PS The second mode does not usually use below NI intervals. Personally I don't know any psalm that forms a whole tetrachord/pentachord below NI. In this case, theoretically the typical scheme should be applied. More convenient is to put a pthora, to show directly the intervals. The only widely known case of intervals below NI without pthora that I know, is the phrase "Eleison imas" of "Dynamis Syneithismenon", that reaches KE below NI. This is similar melodic phrase with the one I stated above, when you are on VOU and you reach NI without staying on it, but immediately returning on VOU. In this case, you are on NI (natural) and you reach on KE below without staying on it, but immediately returning on NI. It's obviously a trichord scheme where Chrysanthos' intervals must be applied (NI 12 ZO 8 KE, similar to VOU 12 PA 8 NI trichord of the first case). So Chrysanthos' soft chromatic intervals, with a minimum and major tone succession, may not be applied on a whole scale, but they are not useless! This is the more physical way for the voice to sing these specific melodic phrases (older times these phrases were more often).
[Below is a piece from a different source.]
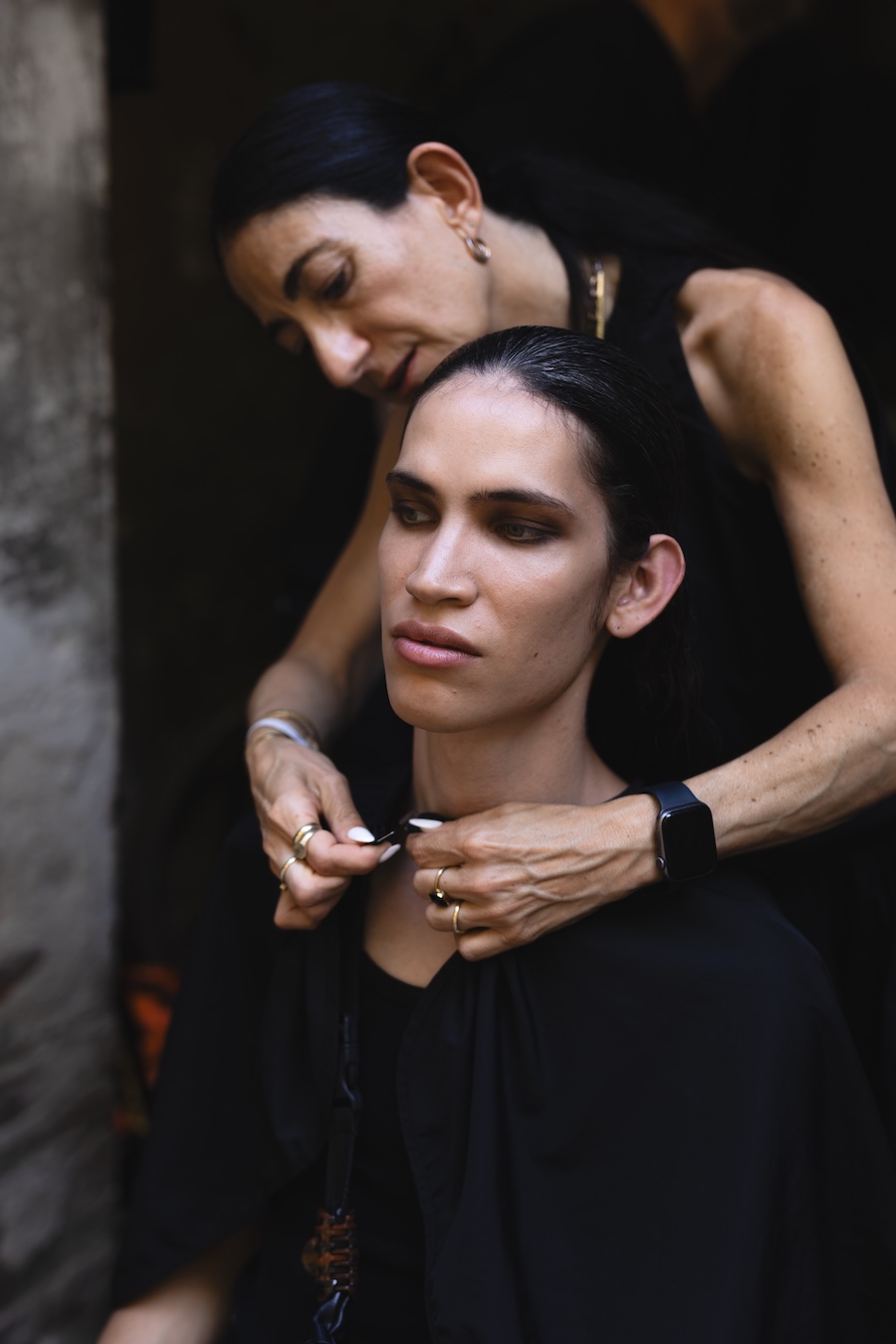 Photographer Anna Nowalska-Duda was our backstage eyes and lens, capturing every captivating moment of this presentation for our readers. Founded in 2014 by Jale Richert and Michele Beil, Richert Beil has made waves in the fashion scene with its inclusive and avant-garde designs that challenge traditional gender norms and reshape the concept of elegance and luxury. The brand’s signature aesthetic features precise, clean lines, sharp tailoring, and a striking monochromatic palette, each collection serving as a narrative that continues to evolve.

The flat that many writers put on PA when descending and not staying on NI, is not right. (I had thoroughly speaking about the issue of Chrysanthos' soft chromatic intervals on the 4th Musicological Conference of the Institute of Byzantine Musicology, you can find my announcement here, unfortunately in greek only -sorry, I cannot and have not the time to translate the whole document in english language-).